Stephen McAleese comments on Reward button alignment

Stephen McAleese 23 May 2025 22:41 UTC
LW: 2 AF: 1
0
AF
After spending some time chatting with Gemini I’ve learned that a standard model-based RL AGI would probably just be a reward maximizer by default rather than learning complex stable values:
The “goal-content integrity” argument (that an AI might choose not to wirehead to protect its learned task-specific values) requires the AI to be more than just a standard model-based RL agent. It would need:
1. A model of its own values and how they can change.
2. A meta-preference for keeping its current values stable, even if changing them could lead to more “reward” as defined by its immediate reward signal.
The values of humans seem to go beyond maximizing reward and include things like preserving personal identity, self-esteem and maintaining a connection between effort and reward which makes the reward button less appealing than it would be to a standard model-based RL AGI.
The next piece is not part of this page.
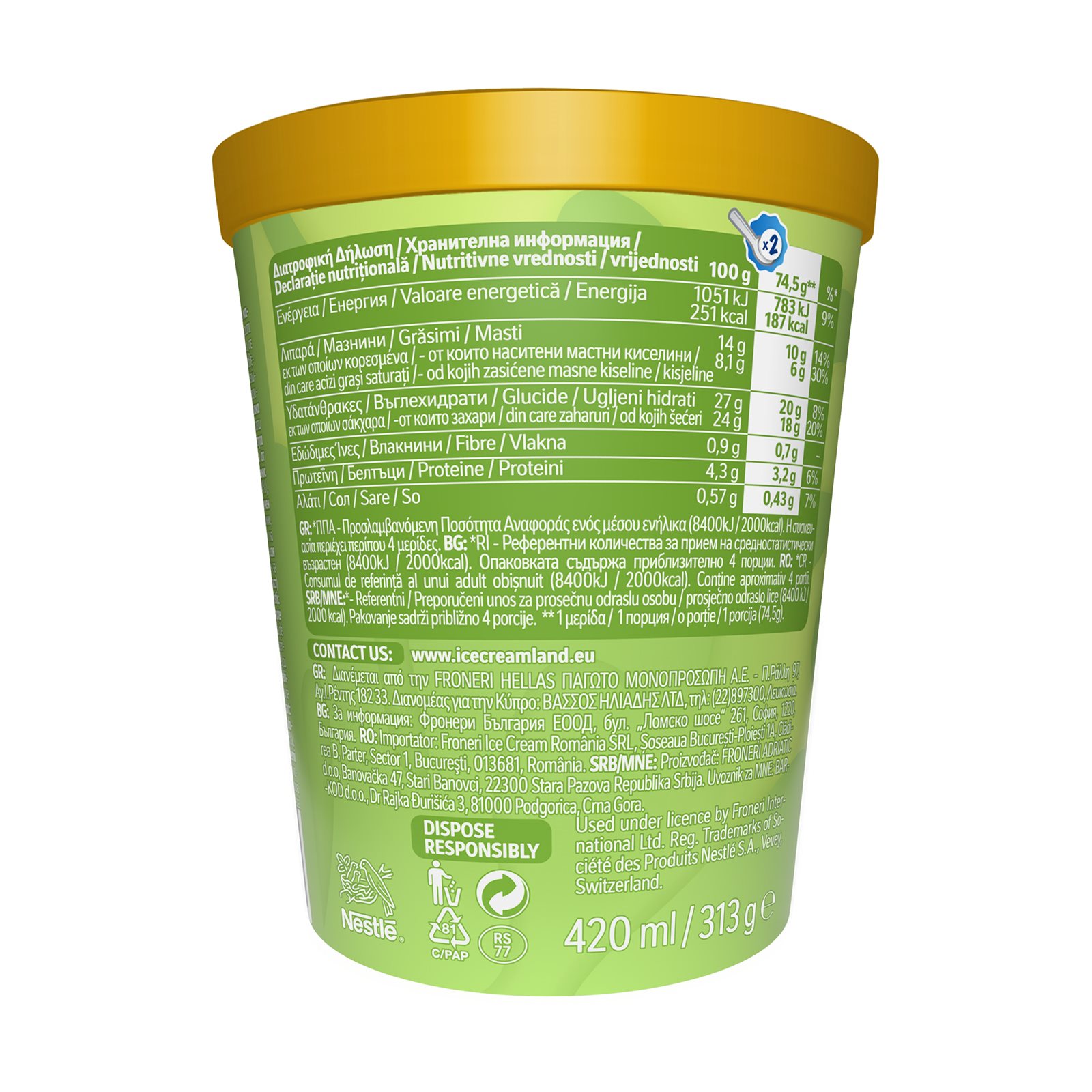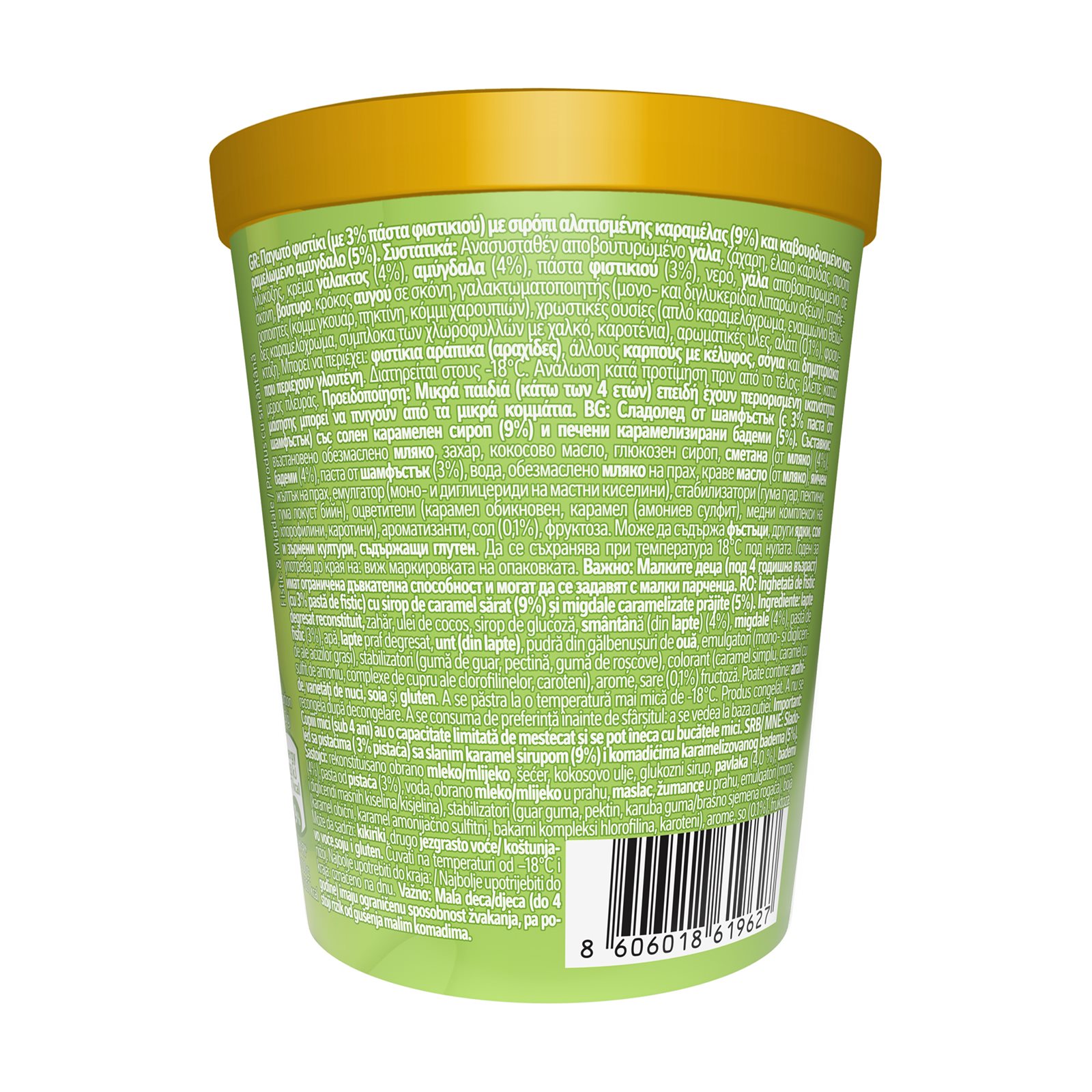 Παγωτό φιστίκι (με 3% πάστα φιστικιού) με σιρόπι αλατισμένης καραμέλας (9%) και καβουρδισμένο καραμελωμένο αμύγδαλο (5%).

- Steven Byrnes 24 May 2025 11:16 UTC
  LW: 8 AF: 4
  2
  AF Parent
  Thanks!
  a standard model-based RL AGI would probably just be a reward maximizer by default rather than learning complex stable values
  I’m inclined to disagree, but I’m not sure what “standard” means. I’m thinking of future (especially brain-like) model-based RL agents which constitute full-fledged AGI or ASI. I think such AIs will almost definitely have both “a model of its own values and how they can change” and “a meta-preference for keeping its current values stable, even if changing them could lead to more “reward” as defined by its immediate reward signal.”.
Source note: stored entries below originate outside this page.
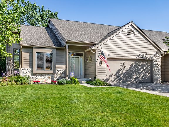Spacious, thoughtfully updated, & meticulously maintained 3-bedroom/2-bath condo in the peaceful Pebble Brook neighborhood. Pebble Brook is a designated golf cart community & adjacent to Pebble Brook Golf Course! Owners have made numerous updates! Furnace, water softener, & dryer all NEW in 2023! A/C was NEW in 2021! NEW LVP throughout main level (2020) & updated bathrooms featuring new tile, countertops, Delta faucets, & Kohler sinks (2018)! Kitchen is updated w/ all stainless steel appliances & white cabinets; kitchen windows were NEW in 2021. Great room is a stunning entertainment space w/ cathedral ceiling, gas log fireplace, & direct access to the patio. Primary bedroom & bathroom are conveniently located on the main level. Huge unfinished basement w/ shelving & oversized finished garage w/ two work areas offer ample storage & flex space! A beautifully landscaped yard complete w/ mature trees offers excellent curb appeal & a relaxing escape for summer nights on the patio.
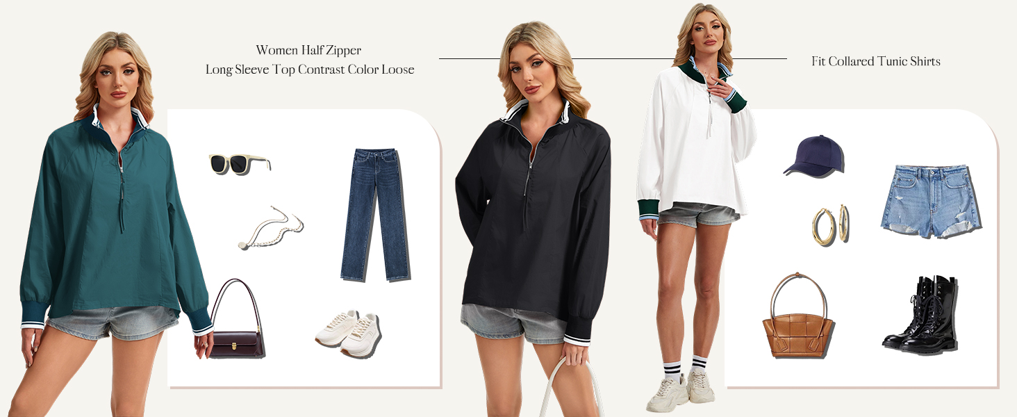 • مطابقة: بلوزة نسائية كبيرة الحجم بأكمام طويلة بنصف سحاب يسهل تنسيقها مع السراويل الضيقة والتنانير والجينز والسراويل القصيرة لليوجا للحصول على مظهر أنيق للملابس الرياضية. هذا التونيك النسائي المتأرجح، قميص فضفاض ذو رقبة متباينة بنصف سحاب مع سترة أو معطف في الخريف والربيع والشتاء، أو يمكن ارتداؤه بمفرده في الصيف.
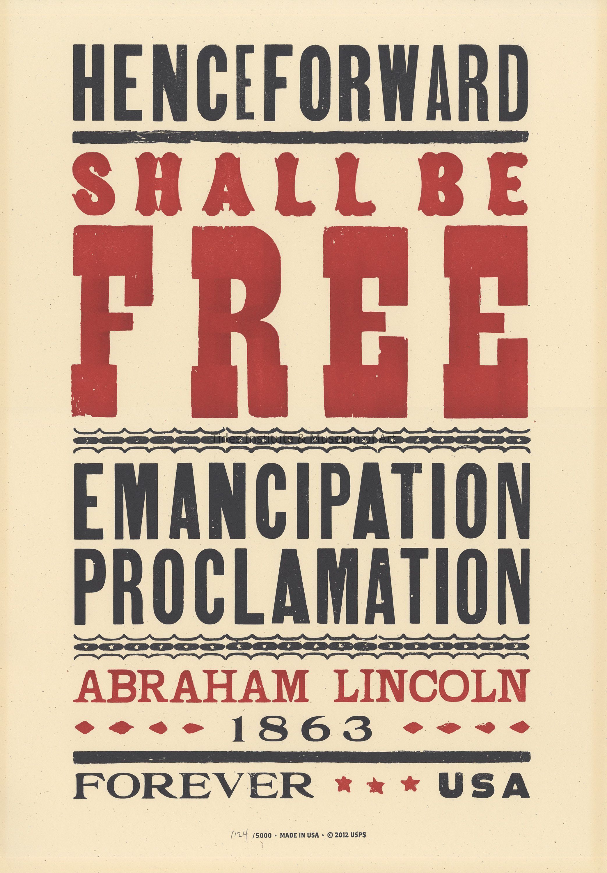 usps stampNashville’s Hatch Show Print, one of the oldest working letter print shops in America, was recently tapped to assist in designing and producing the U.S. Postal Service’s 2013 Emancipation Proclamation (Forever ®) stamp, which commemorates the 150th anniversary of the proclamation signed by President Abraham Lincoln on Jan. 1, 1863.
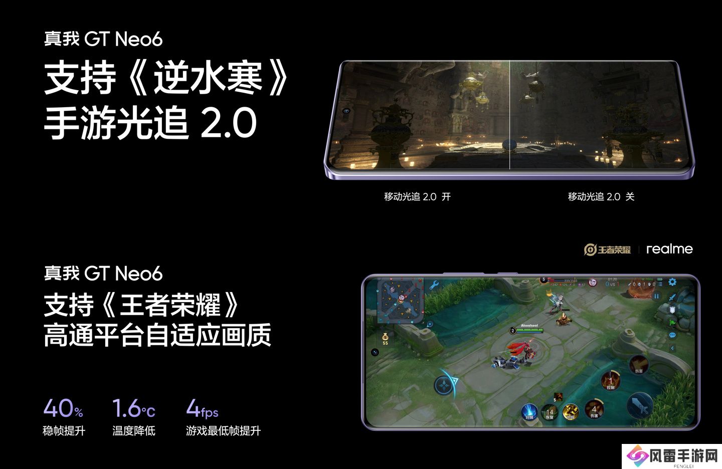 官方公布数据显示,该机测试《王者荣耀》120 帧 + 极致画质平均帧率 120.1,最高温度 43℃;《原神》60 帧 + 极致画质:平均帧率 59.85,最高温度 42.5℃。
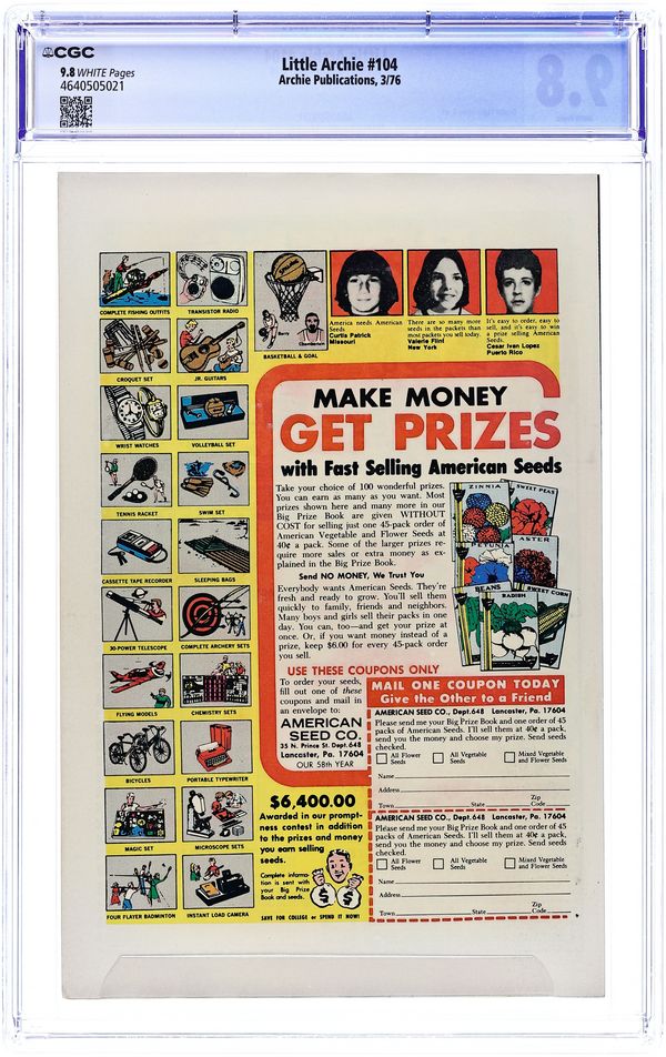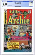 First appearance of Little Archie. Cover pencils by Bob Bolling, inks by Bob White. Hunting; After Archie's mom asks him to stop playing hunter inside the house, he and his friends go outside to hunt wild animals, and come upon a snapping turtle. Racing; Archie builds an "imported Italian sports racer" for the soapbox derby. Playing House; Archie and Ronnie play house and fight even more than real married couples; Betty tries to get in on the act by marrying her cat to Archie's dog. Troops; General Archie and Sergeant Moose try to prevent Ronnie from joining their army, but she gains the troops' loyalty with her "secret orders." Script and pencils for all stories by Bob Bolling, inks by Bob White. 36 pgs. $0.10. Cover price $0.10.
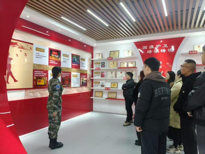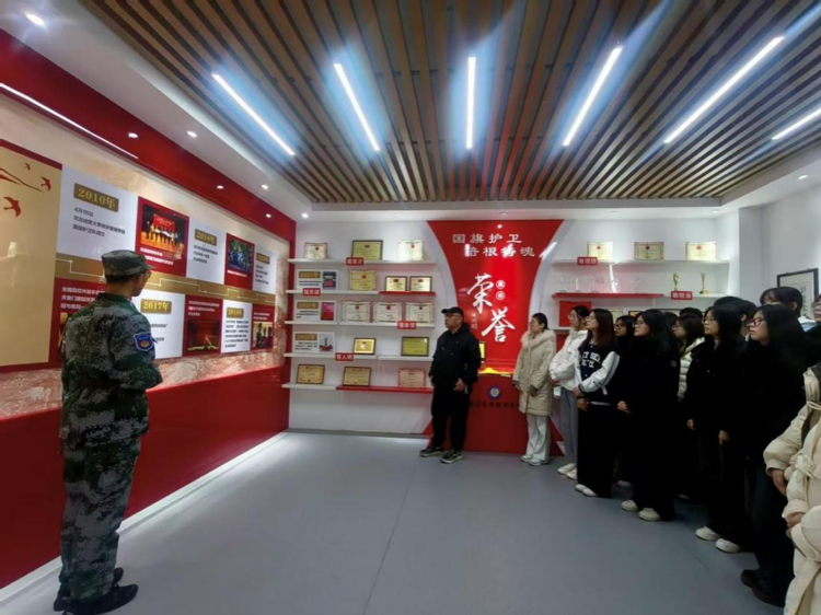 国旗护卫队队员分三批走进展厅,在军事安全板块驻足良久,队员们认为,国防力量是国家主权与安全的坚实保障,这一板块的展示让大家对“国家安全是民族复兴的根基”有了更深刻的认知。25级新队员谈到,日常国旗护卫训练锤炼了钢铁意志,首次完成升旗任务时的庄严感,让他们对“守护国家荣誉”有了切身体会,此次参观更强化了国家安全意识,未来将主动学习国安知识,以实际行动践行青年担当。
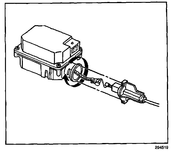 2. Rotate the cruise control cable counterclockwise. Remove the cruise control cable from the cruise control module.

  The values of humans seem to go beyond maximizing reward and include things like preserving personal identity, self-esteem and maintaining a connection between effort and reward which makes the reward button less appealing than it would be to a standard model-based RL AGI.
  To be clear, the premise of this post is that the AI wants me to press the reward button, not that the AI wants reward per se. Those are different, just as “I want to eat when I’m hungry” is different from “I want reward”. Eating when hungry leads to reward, and me pressing the reward button leads to reward, but they’re still different. In particular, “wanting me to press the reward button” is not a wireheading motivation, any more than “wanting to eat when hungry” is a wireheading motivation.
  (Maybe I caused confusion by calling it a “reward button”, rather than a “big red button”?)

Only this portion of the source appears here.